Task instructions –
Reprint every line of the data, keeping each character intact.

Dataset section –
+ + + + + + +

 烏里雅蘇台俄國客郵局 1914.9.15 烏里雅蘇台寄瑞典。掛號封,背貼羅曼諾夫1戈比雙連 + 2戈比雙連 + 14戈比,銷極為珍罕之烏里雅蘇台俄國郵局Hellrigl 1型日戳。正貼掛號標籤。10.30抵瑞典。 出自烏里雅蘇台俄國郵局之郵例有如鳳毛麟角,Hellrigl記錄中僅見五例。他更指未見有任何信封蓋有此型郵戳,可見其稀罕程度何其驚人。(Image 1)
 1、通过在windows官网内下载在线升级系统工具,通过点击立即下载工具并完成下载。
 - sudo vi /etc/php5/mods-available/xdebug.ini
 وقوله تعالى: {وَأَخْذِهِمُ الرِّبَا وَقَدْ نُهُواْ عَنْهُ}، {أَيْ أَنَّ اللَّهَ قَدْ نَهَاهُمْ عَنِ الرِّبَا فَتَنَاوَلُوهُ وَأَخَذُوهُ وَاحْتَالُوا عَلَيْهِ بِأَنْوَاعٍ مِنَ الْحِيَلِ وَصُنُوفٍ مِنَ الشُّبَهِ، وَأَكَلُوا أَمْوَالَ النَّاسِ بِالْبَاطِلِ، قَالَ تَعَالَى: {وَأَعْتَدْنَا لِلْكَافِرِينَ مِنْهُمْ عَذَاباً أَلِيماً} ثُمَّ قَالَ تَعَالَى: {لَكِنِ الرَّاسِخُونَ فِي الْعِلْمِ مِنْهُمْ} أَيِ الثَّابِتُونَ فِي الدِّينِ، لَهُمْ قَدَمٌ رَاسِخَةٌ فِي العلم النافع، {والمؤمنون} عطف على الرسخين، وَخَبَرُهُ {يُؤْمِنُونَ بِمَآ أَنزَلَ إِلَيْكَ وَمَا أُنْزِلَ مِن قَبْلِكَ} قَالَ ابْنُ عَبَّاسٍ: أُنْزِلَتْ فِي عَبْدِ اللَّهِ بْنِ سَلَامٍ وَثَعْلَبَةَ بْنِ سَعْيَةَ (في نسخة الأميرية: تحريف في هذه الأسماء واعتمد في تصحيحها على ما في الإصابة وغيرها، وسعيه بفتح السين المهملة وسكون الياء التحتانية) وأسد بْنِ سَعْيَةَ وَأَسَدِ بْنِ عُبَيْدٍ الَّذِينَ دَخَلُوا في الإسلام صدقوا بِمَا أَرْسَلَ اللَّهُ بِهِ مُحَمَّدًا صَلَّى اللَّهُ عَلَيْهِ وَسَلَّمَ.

+ + + + + + +

Solution to the problem –
 烏里雅蘇台俄國客郵局 1914.9.15 烏里雅蘇台寄瑞典。掛號封,背貼羅曼諾夫1戈比雙連 + 2戈比雙連 + 14戈比,銷極為珍罕之烏里雅蘇台俄國郵局Hellrigl 1型日戳。正貼掛號標籤。10.30抵瑞典。 出自烏里雅蘇台俄國郵局之郵例有如鳳毛麟角,Hellrigl記錄中僅見五例。他更指未見有任何信封蓋有此型郵戳,可見其稀罕程度何其驚人。(Image 1)
 1、通过在windows官网内下载在线升级系统工具,通过点击立即下载工具并完成下载。
 - sudo vi /etc/php5/mods-available/xdebug.ini
 وقوله تعالى: {وَأَخْذِهِمُ الرِّبَا وَقَدْ نُهُواْ عَنْهُ}، {أَيْ أَنَّ اللَّهَ قَدْ نَهَاهُمْ عَنِ الرِّبَا فَتَنَاوَلُوهُ وَأَخَذُوهُ وَاحْتَالُوا عَلَيْهِ بِأَنْوَاعٍ مِنَ الْحِيَلِ وَصُنُوفٍ مِنَ الشُّبَهِ، وَأَكَلُوا أَمْوَالَ النَّاسِ بِالْبَاطِلِ، قَالَ تَعَالَى: {وَأَعْتَدْنَا لِلْكَافِرِينَ مِنْهُمْ عَذَاباً أَلِيماً} ثُمَّ قَالَ تَعَالَى: {لَكِنِ الرَّاسِخُونَ فِي الْعِلْمِ مِنْهُمْ} أَيِ الثَّابِتُونَ فِي الدِّينِ، لَهُمْ قَدَمٌ رَاسِخَةٌ فِي العلم النافع، {والمؤمنون} عطف على الرسخين، وَخَبَرُهُ {يُؤْمِنُونَ بِمَآ أَنزَلَ إِلَيْكَ وَمَا أُنْزِلَ مِن قَبْلِكَ} قَالَ ابْنُ عَبَّاسٍ: أُنْزِلَتْ فِي عَبْدِ اللَّهِ بْنِ سَلَامٍ وَثَعْلَبَةَ بْنِ سَعْيَةَ (في نسخة الأميرية: تحريف في هذه الأسماء واعتمد في تصحيحها على ما في الإصابة وغيرها، وسعيه بفتح السين المهملة وسكون الياء التحتانية) وأسد بْنِ سَعْيَةَ وَأَسَدِ بْنِ عُبَيْدٍ الَّذِينَ دَخَلُوا في الإسلام صدقوا بِمَا أَرْسَلَ اللَّهُ بِهِ مُحَمَّدًا صَلَّى اللَّهُ عَلَيْهِ وَسَلَّمَ.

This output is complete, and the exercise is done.